Saturday, August 13, 2016

Micro services

Intro

And we are back.

After 10 years, I'm still working in software development.


What I'm working on.

Well, after what I believe to be a failed contract, my company decided that I should be researching microservices, AWS (ECS, EC2, SES, SQS, SNS), Elastic (soon to be replaced by mongo).

What is each acronym that I'm using there?

AWS: Amazon Web Services. Yeah, I'm still on AWS. Been using it on my previous employer (a company in Argentina, that had a contract with someone from the States), where I had some sort of devops / developer position.

ECS: This is an Amazon service that allows you to use Docker inside amazon EC2 containers.

Before giving you my explanation, without reading this article by Yevgeniy Brikman, I could have never ever set up my docker tasks in ECS.

Give it a try to that link first, is the best explanation I found, way better than the amazon documentation.

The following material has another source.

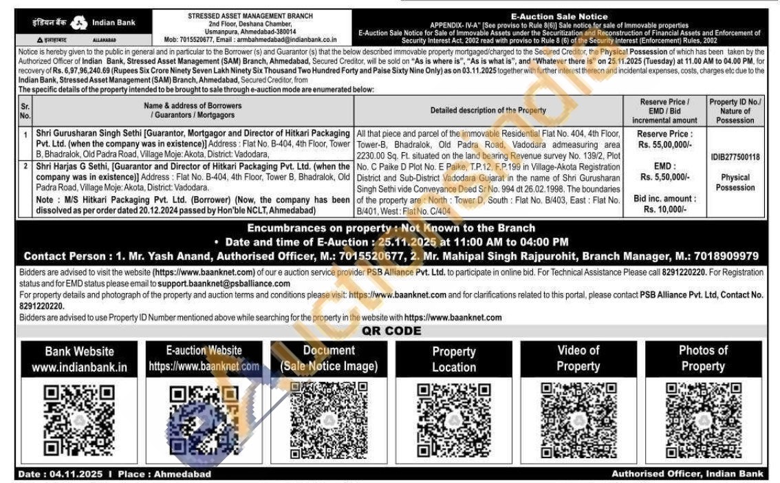 All that piece and parcel of the immovable Residential Flat No. 404, 4th Floor, Tower-B, Bhadralok, Old Padra Road, Vadodara admeasuring area 2230.00 Sq. Ft. situated on the land bearing Revenue survey No. 139/2, Plot No. C Paike D Plot No. E Paike, T.P. 12. F.P.199 in Village-Akota Registration District and Sub-District Vadodara Gujarat in the name of Shri Gurusharan Singh Sethi vide Conveyance Deed Sr No. 994 dt 26.02.1998. The boundaries of the property are: North Tower D, South: Flat No. B/403, East: Flat No. B/401, West: Flat No. C/404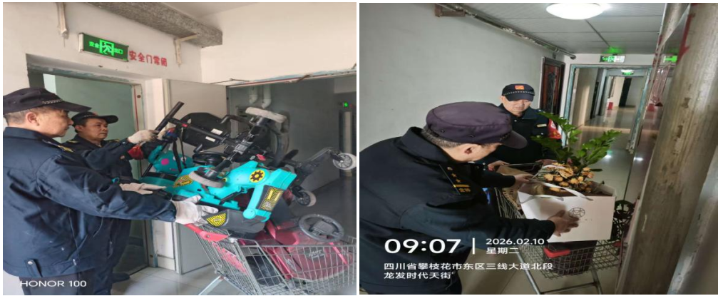 来源:龙发时代物业服务中心 为切实加强小区消防安全管理,有效消除消防通道堵塞隐患,保障业主生命财产安全,2026年2月10日,龙发时代天街住宅小区物业中心,组织前台客服、秩序维护部等6名工作人员,集中开展节前消防通道专项清理整治行动,全力打通小区“生命通道”,为业主平安过节筑牢安全屏障。 行动前期,物业中心提前谋划、广泛告知,通过业主微信群推送通知、单元公告栏张贴告示、上门一对一温馨提示等多种方式,明确杂物清理范围和要求,引导居民自行清理楼道、消防通道内堆放的杂物、非机动车、闲置家具等物品,耐心做好解释工作,积极争取广大业主的理解、支持与配合,为专项整治行动顺利推进奠定坚实基础。

The main problem that I see with the amazon guide is that you don't have an ordered tutorial.
The article by Yevgeniy Brikman is excellent.

You have the documentation, but it doesn't follow a proper order.

The first thing you will need to have if you are going to use this is an EC2 instance of the type that is optimized for ECS, for example (amzn-ami-2016.03.d-amazon-ecs-optimized)
Amazon covers the containers on the documentation, but is not the first thing.
They start the documentation with creating private docker registries that you will need way later on.

SES: Is used to send emails using the SES amazon service. SES stands for Simple Email Service.
SQS: Amazon Simple Queue Service. A simple queue, self-explanatory
SNS: Amazon Simple Notification Service. This is used to deliver notifications.

Together, SQS + SNS = Like rabbitmq. Amazon does all the heavy lifting for you. Though it has some peculiar things. Due to high replication, there is a chance that depending on how you configure your SQS, one or more workers may receive the same message published by the SNS. They state that in the documentation, your workers must be able to handle properly if a message was already processed. You can handle the visibility of a message once is consumed with a timeframe that you can configure.

The other part of my highlight is going to be the SES part.
SES is like mandril (or MailChimp now). The main thing is when you start the service, you are in the sandbox mode. You will need to verify an email, and you will be only able to send emails to that verified domain.
You need to fulfill a request, so they allow you to deliver emails.
The most important part here is that they ask you how you handle bounces and complaints.
You can create an SNS topic that will receive the bounces/complaints/ deliveries, and you will hook it up with an SQS consumer.
All that, by clicking with the mouse.
Seems pretty straight forward, but they didn't put that on the page.
The main idea is that if you receive a complaint or a bounce, you just take it out of circulation (i.e., don't try to deliver emails to that recipient).

With which language?

Python 3.5.1 (yeah, I decided to use something newer)
I'm using uwsgi / flask, with the following extensions (used across some of the microservices)

  • flask-jwt
  • alembic
  • flask-sqlalchemy
  • greenlet
  • boto3
  • flasgger
  • swagger-ui
Flask-JWT: Is an extension to create JWT tokens, that will be consumed by a JS client in my case.
The extension has some gotchas, you need to read the code if you need to change things.
With some monkey-patching and inheritance, you can alter the functionality of JWT completely, but you need to spend some time reading.

flasgger: I love flasgger. I was using flask-swagger, but being honest. The heredocs under the function names make the whole thing illegible. Flasgger lets you point to a file. If you don't know what is this, this is used to write documentation for swagger-UI.

Swagger-ui: The only complex thing that I needed to do here, was to add support for the JWT token, since some endpoints are protected by JWT tokens, I didn't had a way to push the token there.
I found the way.

Authentication.

I was able to handle this by using JWT. When you are developing microservices, and you have to manage authentication, there are multiple things to take into account.
Disclaimer: this is not a definitive guide. At the moment I'm experimenting. So far is my best solution, but I believe that there are other solutions out there.
If you split a user service and a permission service, moving that token will become tricky, and it's difficult to think sometimes.
The idea is that you pass around that token until it expires.
No token, no service. Simple.
Obtaining the permissions of the entity after logging is a must, and I think that a caching strategy will be needed there.
A simple example, I log in, I obtain my permissions and put some key, like user_id: permissions in a Redis storage.
On the next request, I will ask the Redis for that user permissions.
When for some reason I decide to revoke a permission, I will delete the Redis record, and well, they will need to fetch the permissions again.

This is a work in progress, which I may extend much further later on.